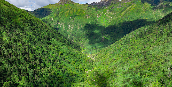 怒江的西岸。保护区东西宽9千米,南北长135千米,总面积12万公顷。山势陡峭,峰谷南北相间排列,有着极典型的高山峡谷自然地理垂直带景观和丰富多样的动植物资源。这是横断山脉中的一颗明珠,森林覆盖率达85%,高山峡谷复杂的地形和悬殊的生态环境,为各种动植物提供了有利的自下而上条件。高黎贡山巨大的山体挡住了西北寒流的侵袭,又留住了印度洋的暖湿气流,使地处低纬度高海拔的保护区,形成了典型的亚热带气候。在东西坡海拔1600-2800米地区,是自然保护区的主体,它连接东喜马拉雅区。在这里,森林资源极期丰富,珍稀植物随处可见。有当今世界上是大的杜鹃树种―500多年树龄的大树杜鹃;有被称为“绿色寿星”的古老孑遗植物――国家一级保护珍稀树种秃杉;有云南樱花的原始种、云南山茶的原生种,以及其它珍稀树种,是我国珍稀树种汇集的森林。
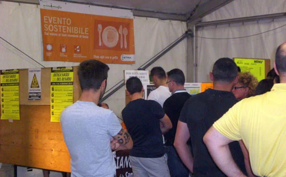 Sotto lo slogan "Dai valore ai tuoi momenti di festa", si utilizzeranno inoltre due erogatori di acqua alla spina, 330 caraffe da un litro o da mezzo per portarla ai tavoli (niente bottiglie di plastica), una lavastoviglie industriale per ripulire le stoviglie e un contenitore da 150 litri per raccogliere l'olio alimentare esausto dopo la cottura o la frittura dei cibi.
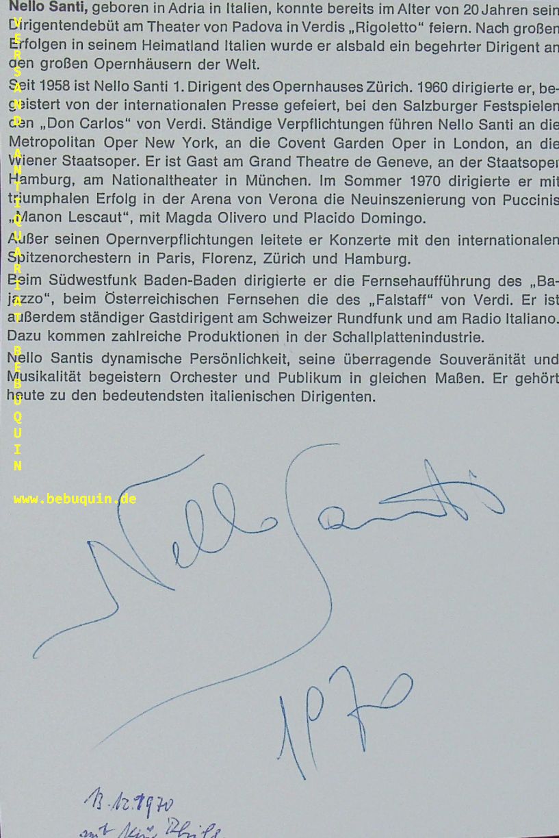 SANTI, Nello (Dirigent): eigenhändig signierter und datierter Zeitschriftenausschnitt. München, 13.12.1970. 18,5 x 12,5 cm. 1 Bl.
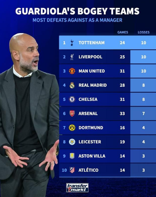 24战10负,热刺是瓜迪奥拉教练生涯输球场次最多的对手
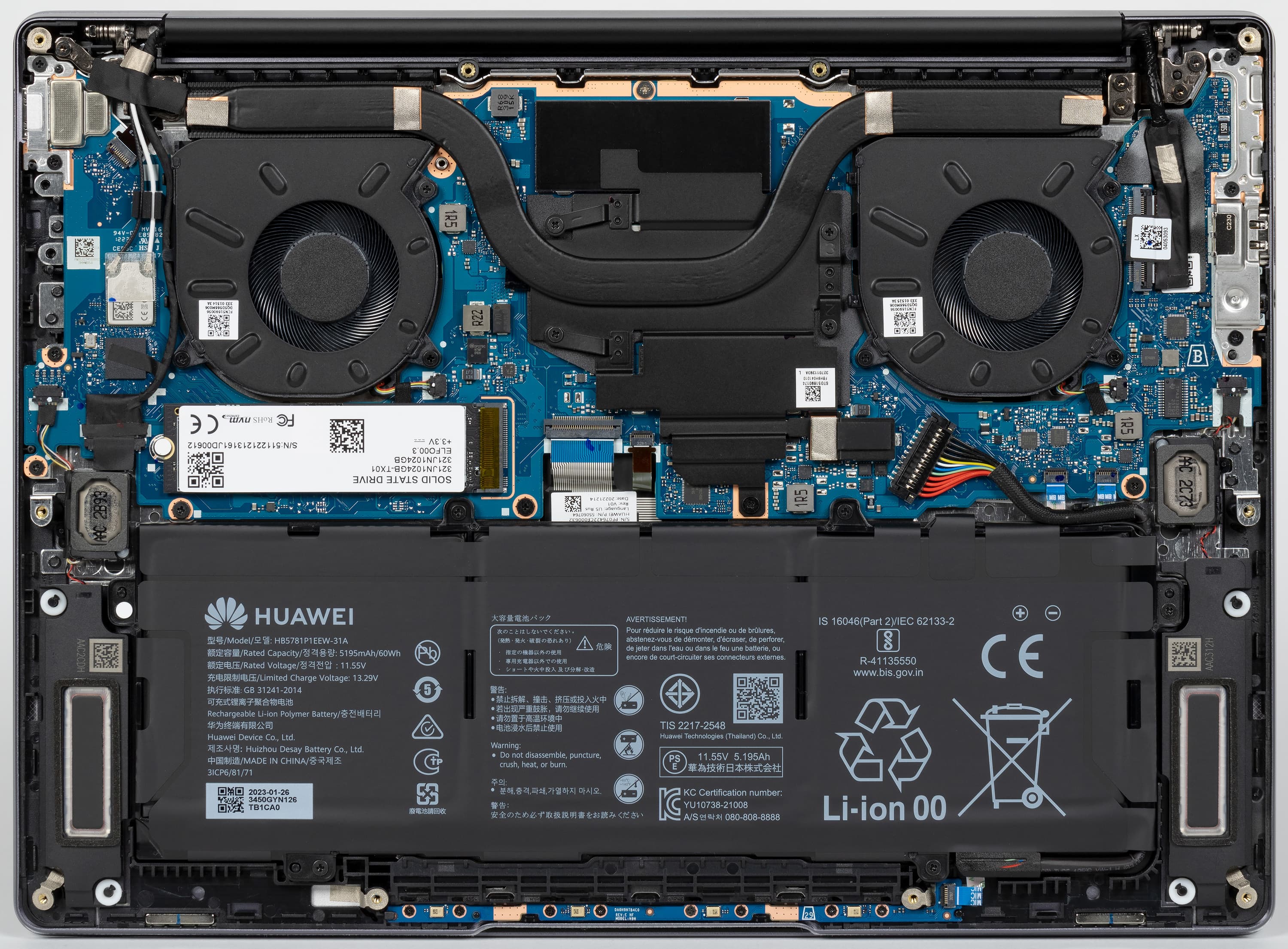 Емкость аккумулятора Huawei MateBook 14s 2023 не изменилась и составляет 60 Вт·ч (5195 мА·ч).
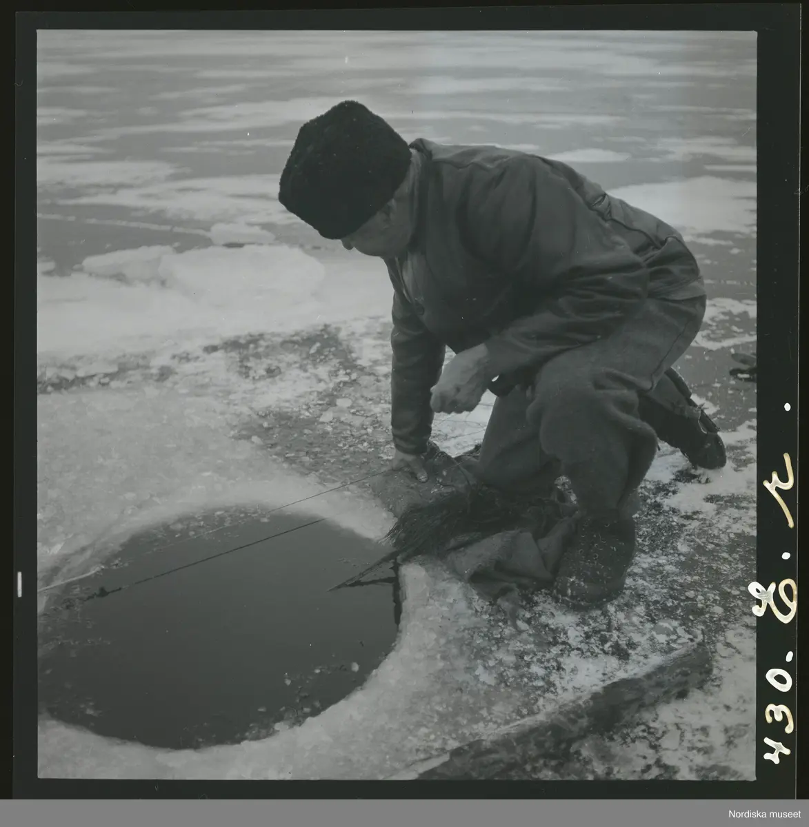 Vinterfiske på sjön. Det fiskas genom hål i isen.
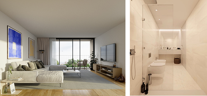 Os 13 apartamentos são de tipologias T2 e T3 e possuem áreas entre 88,2 metros quadrados e 134,30 metros quadrados. Os dois espaços comerciais são duas lojas com 31,8 metros quadrados e 54 metros quadrados. Os preços dos apartamentos variam entre os 300.000 e os 350.000 euros, enaunato as lojas estão a ser comercializadas por 90.000 e 140.000 euros.
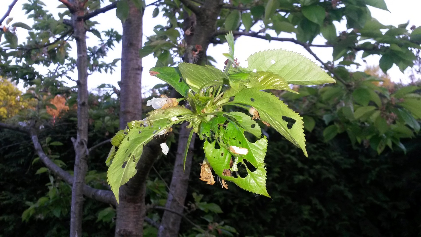 Im letzten Jahr hat der Baum tatsaechlich nicht eine einzige Frucht getragen, die Blaetter sahen aehnlich zerfressen aus wie jetzt (nur deutlich schlimmer).
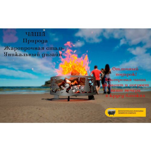 Костровая чаша Природа 60 см 0,3 см с сеткой-искрогасителем
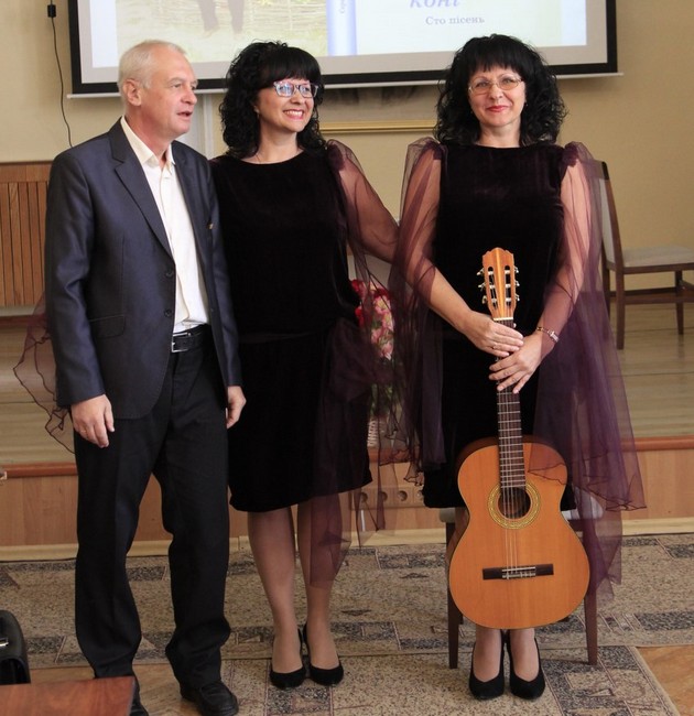 А на ювілейному вечорі цей же колектив, завдяки відеокліпу, представив ще одну пісню – «Дощ із карими очима» (слова та музика – Сергія Дзюби). Обидві пісні – творчий подарунок Тетяні Дзюбі, дружині автора, якій він присвятив усі свої 86 книжок (на думку фахівців, це – єдиний такий випадок в історії світової літератури). Додам, що талановиті відеокліпи на пісні ювіляра створив журналіст Сергій Кордик, котрий також прийшов на свято, щоб підготувати телеверсію цієї неординарної події.

Activity: Above are some entries. Restate word for word the lines from the one holding "24战10负,热刺是瓜迪奥拉教练生涯输球场次最多的对手" through the one holding "Костровая чаша Природа", but not the pictures.

Reply:
 24战10负,热刺是瓜迪奥拉教练生涯输球场次最多的对手
 Емкость аккумулятора Huawei MateBook 14s 2023 не изменилась и составляет 60 Вт·ч (5195 мА·ч).
 Vinterfiske på sjön. Det fiskas genom hål i isen.
 Os 13 apartamentos são de tipologias T2 e T3 e possuem áreas entre 88,2 metros quadrados e 134,30 metros quadrados. Os dois espaços comerciais são duas lojas com 31,8 metros quadrados e 54 metros quadrados. Os preços dos apartamentos variam entre os 300.000 e os 350.000 euros, enaunato as lojas estão a ser comercializadas por 90.000 e 140.000 euros.
 Im letzten Jahr hat der Baum tatsaechlich nicht eine einzige Frucht getragen, die Blaetter sahen aehnlich zerfressen aus wie jetzt (nur deutlich schlimmer).
 Костровая чаша Природа 60 см 0,3 см с сеткой-искрогасителем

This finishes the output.